#### [EXERCISE DESCRIPTION]
Look through the entries and report how many lines include the word "para". Give the number alone.

EXERCISE DATA Start Marker

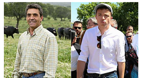
El zasca de Victorino Martín a Íñigo Errejón a cuenta de su "tauromaquia sin
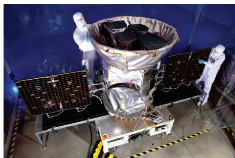
1. ábra. Balra: a Kepler-űrtávcső felbocsátása előtt, az Astrotech titusville-i bázisán;

jobbra: a TESS műhold, szintén nem sokkal a felbocsátása előtt, 2018 áprilisában
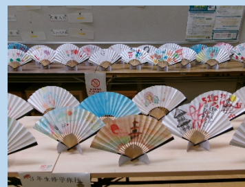
3年生修学旅行「京扇子絵付け体験」で制作した作品

夏休みにしかできない体験をして始業式に元気な姿で皆さんに会えることを楽しみにしています。
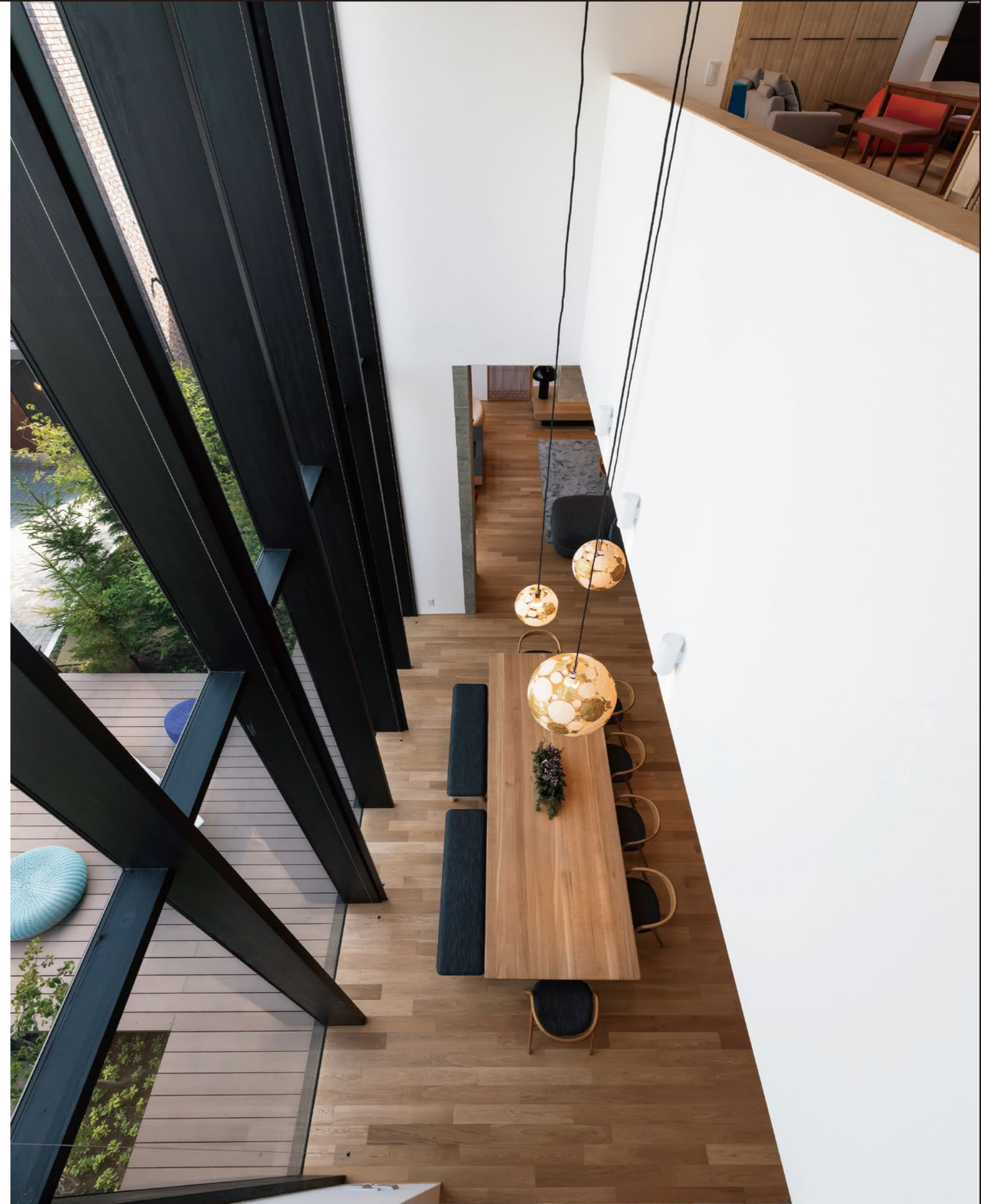
吹抜けの天井まで届く大きなガラス窓。縦に伸びる格子がさらに高さを感じさせて、爽快感を演出する。
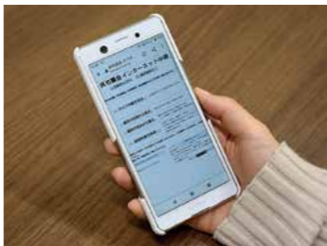
▲スマホで手軽に本会議などを視聴
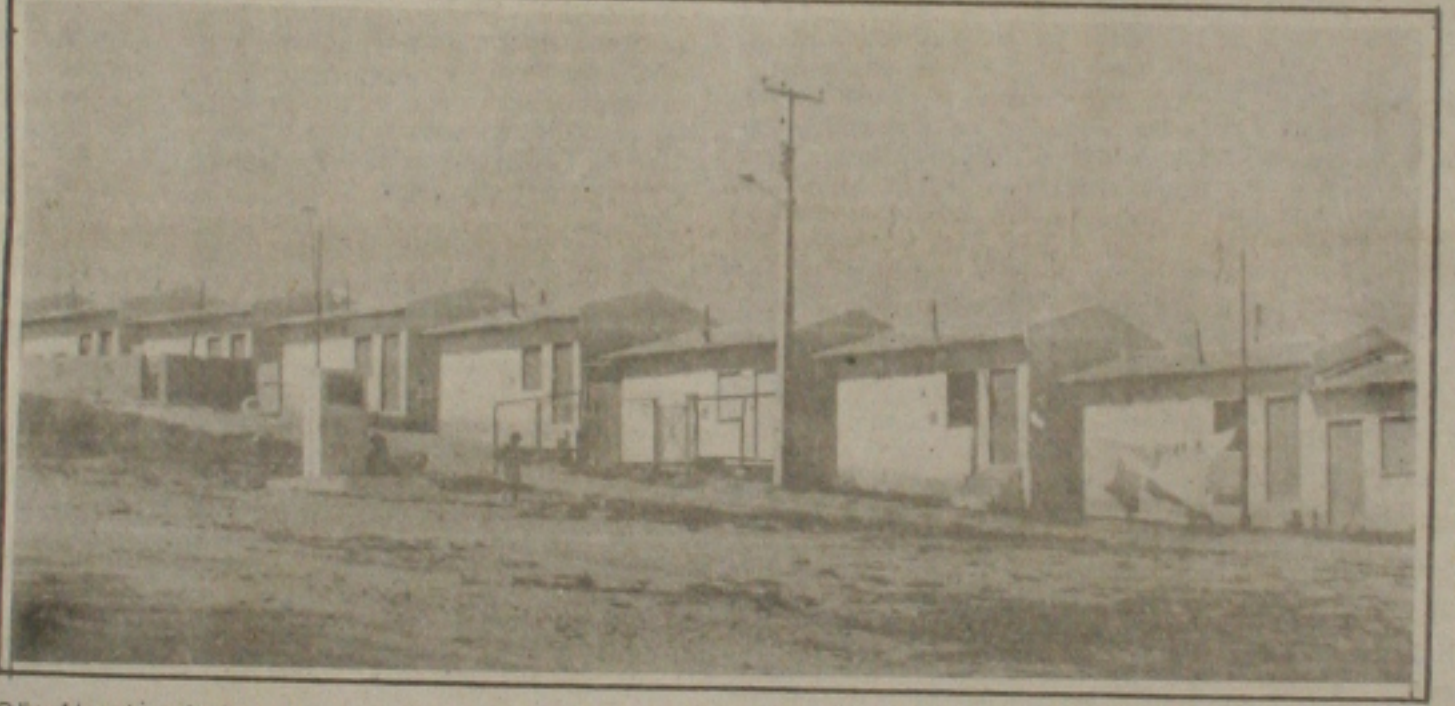
O lixo é jogado em frente das casas.
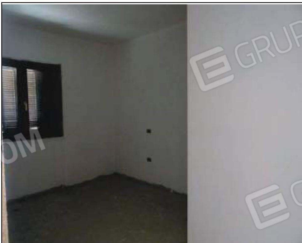
Vista della camera da letto singola con affaccio ad ovest.
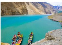
ทะเลสาบอิตตาบัต
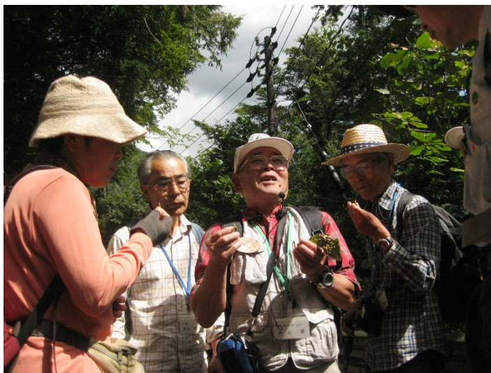
森林インストラクターの詳しく、楽しい解説
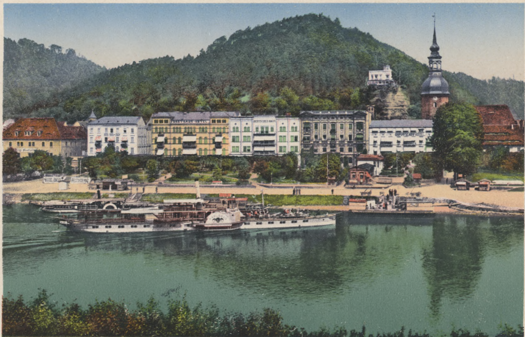
Sächs. Schweiz. Schandau.
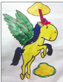
小记者:李睿洋 编号:191871 周口李庄小学 二(4)班
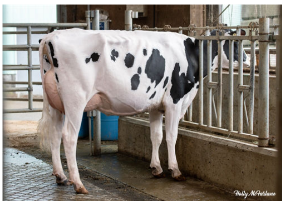
PROGENESIS HIGHJUMP POPCORN GRANDDAM
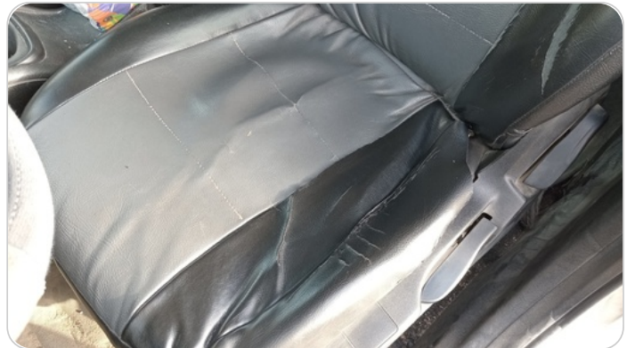
فرش كرسي أمامي شمال : قطع / كسر / شرخ / تلف
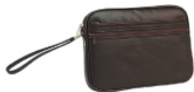
No. 3563 ●Size:W24×H16×D3cm ●上代:¥2,500+税 ●カラー:■クロ ■チョコ
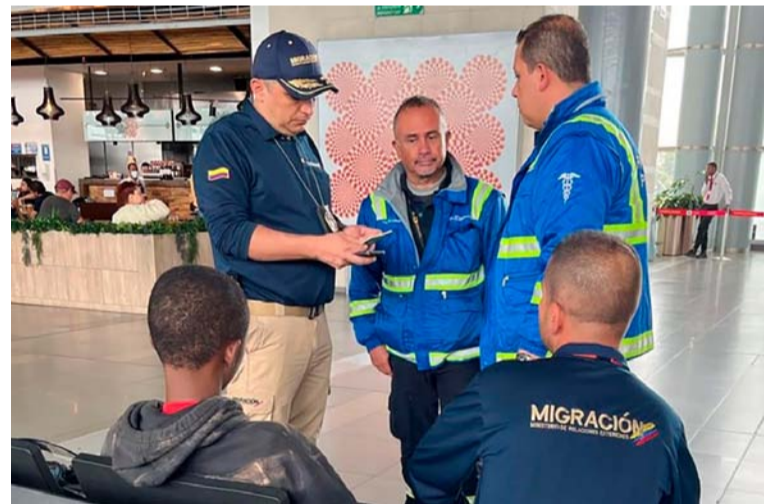
El Ministerio de Relaciones Exteriores informó que se adelantan medidas para detectar, atender y proteger a los menores.

En los últimos días, agentes de Migración Colombia encontraron en el Aeropuerto El Dorado a un adolescente de 13 años de edad no acompañado, procedente
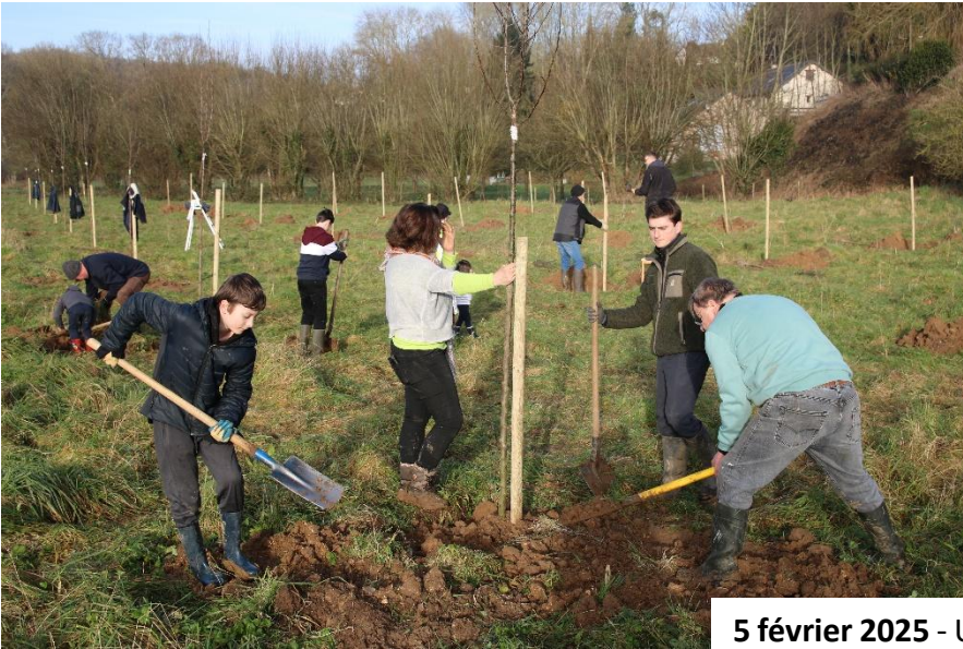
5 février 2025 - Un chantier participatif a réuni petits et grands pour la plantation des arbres fruitiers du verger au Mont Rôty.
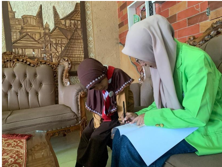
Wawancara dengan Siswi Kelas II
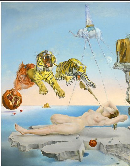
Rêve causé par le vol d'une abeille autour d'une grenade, une seconde avant l'éveil 1944 huile sur bois 51 x 41 cm Museo Thyssen Bornemisza / Madrid (Espagne)

René MAGRITTE (1898 - 1967) - artiste belge
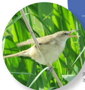
河北潟の オオヨシキリ
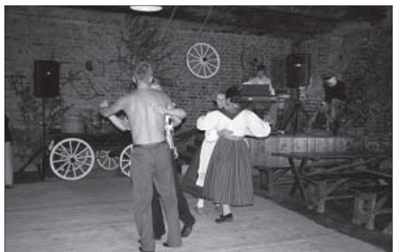
Algab trall suhkruaidas.
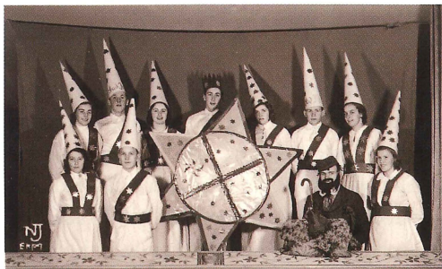
Julsjungare i Tillinge. Bilden tagen den 21 december 1941 vid en träning i full mundering.

ditioner från förr i Tillinge inför bröllop samt kring jul. Historien om julsjungarna vintern 1941/1942 kan få agera exempel: Ungdomarna startade de smått äventyrliga vandringarna redan vid halv femtiden på eftermiddagen på såväl juldagens kväll som på trettondagsafton. Snön låg djup när de pulstade mellan gårdarna för att sjunga inrepererade sånger och be om bidrag till idrottsföreningens bastu. Julsjungarna förplägades med massor av mat och det var trötta ungdomar som gav upp framåt morgonkvisten. Första natten fick de ihop 135 kr medan den andra natten, då man gick norr om gamla riksvägen, bara inbringande 101 kr. Tydligt var de "uppsoknes" boende snålare än de som bodde i södra halvan av Tillinge!
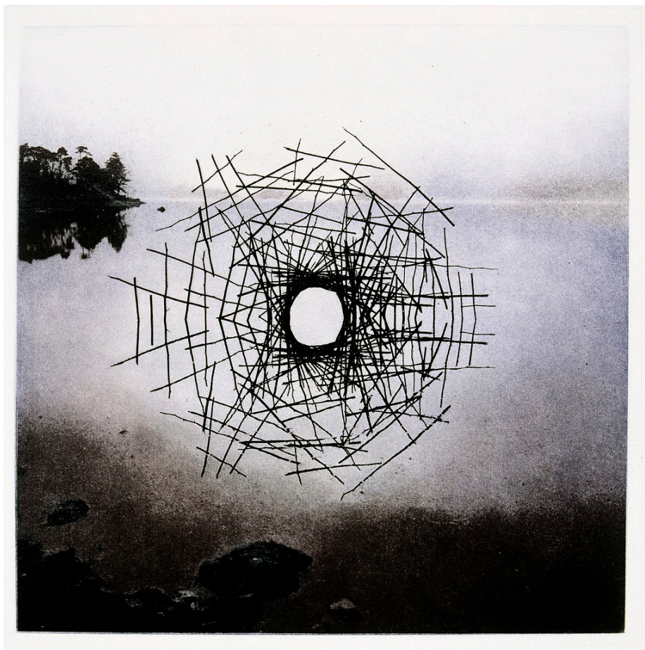
Collection Frac-Artothèque du Limousin - Andy Goldsworthy - N° 1527 - Screen - Report photo et aquatinte 1998
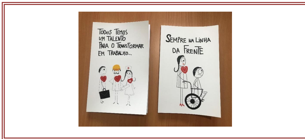
Livros N.º 7 "Tod@s temos um talento para o transformar em trabalho" e N.º 8 "Sempre na linha da frente"
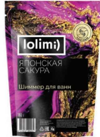
«Японская сакура» 180 г 1600тг
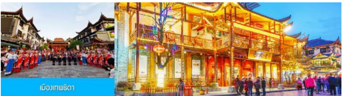
เมืองเทพริดา
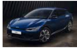
Bleu Pacifique (DU3)* Peinture métallisée gratuite
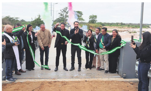
Inversores y autoridades durante el corte de cinta
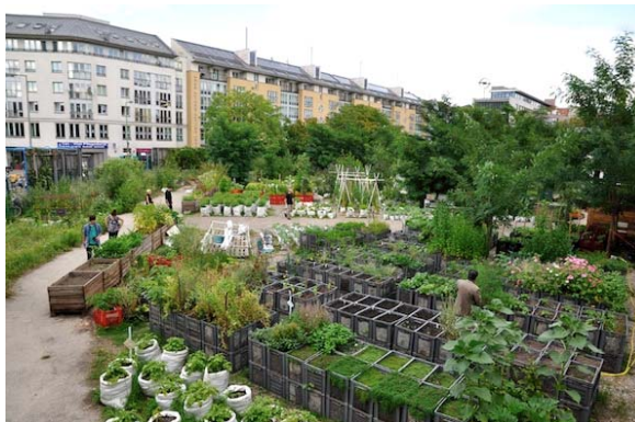
Рисунок 5. Коллективный сад «Сады принцесс», Берлин Германия

рактерна многим дворовым сообществам в России. Можно предположить, что это связано с осознанием жителей чувства собственности и пониманием того, что без активной гражданской позиции не отстаивать своих интересов (рис. 7).
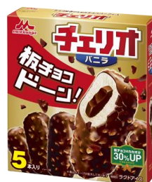
チェリオ バニラ (5本入り)
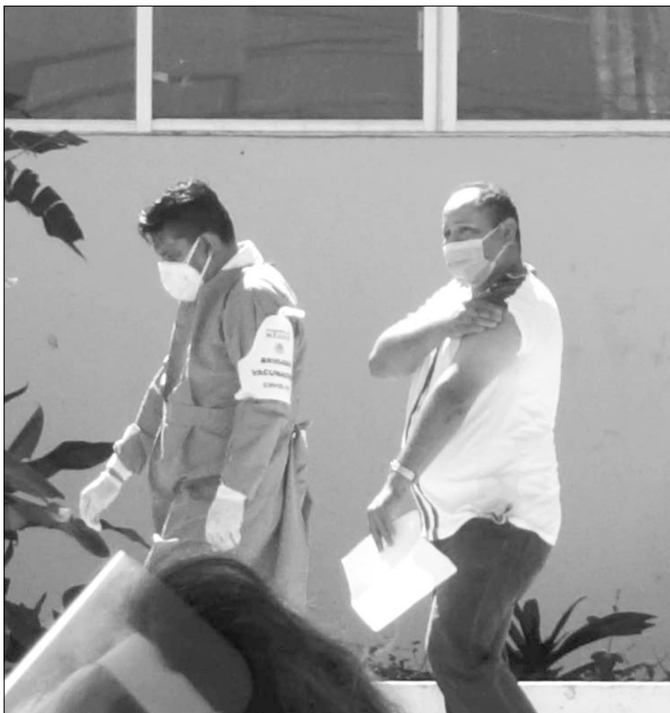
▲ El personal de primera línea ya recibió las dos dosis de la vacuna.

Guerrero del Rivero manifestó que en el caso de los adultos mayores, la fase de aplicación concluyó de manera satisfactoria; en Carmen se vacunó a 23 mil de las 83 mil personas beneficiadas con la inmunización. Comentó que de la misma manera aplicarán 5 mil dosis de la vacuna a maestros de la entidad, de los cuales, 2 mil se encuentran en este municipio.
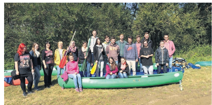
Der Ausflug der Rieker-Auszubildenden und Studenten aus Tuttlingen führte nach Riedlingen. Auf einem Gelände direkt an der Donau wurde die Gruppe in verschiedene Teams aufgeteilt. In Zweier-, Dreier- und Vierer-Kanus wurde dann eine elf Kilometer lange Strecke auf der Donau zurückgelegt.
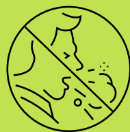
ክትሰዕል ወይ ክትህንጥስ ኣፍካ ሸፍን

EXERCISE DATA End Marker

#### [EXPECTED OUTPUT]
2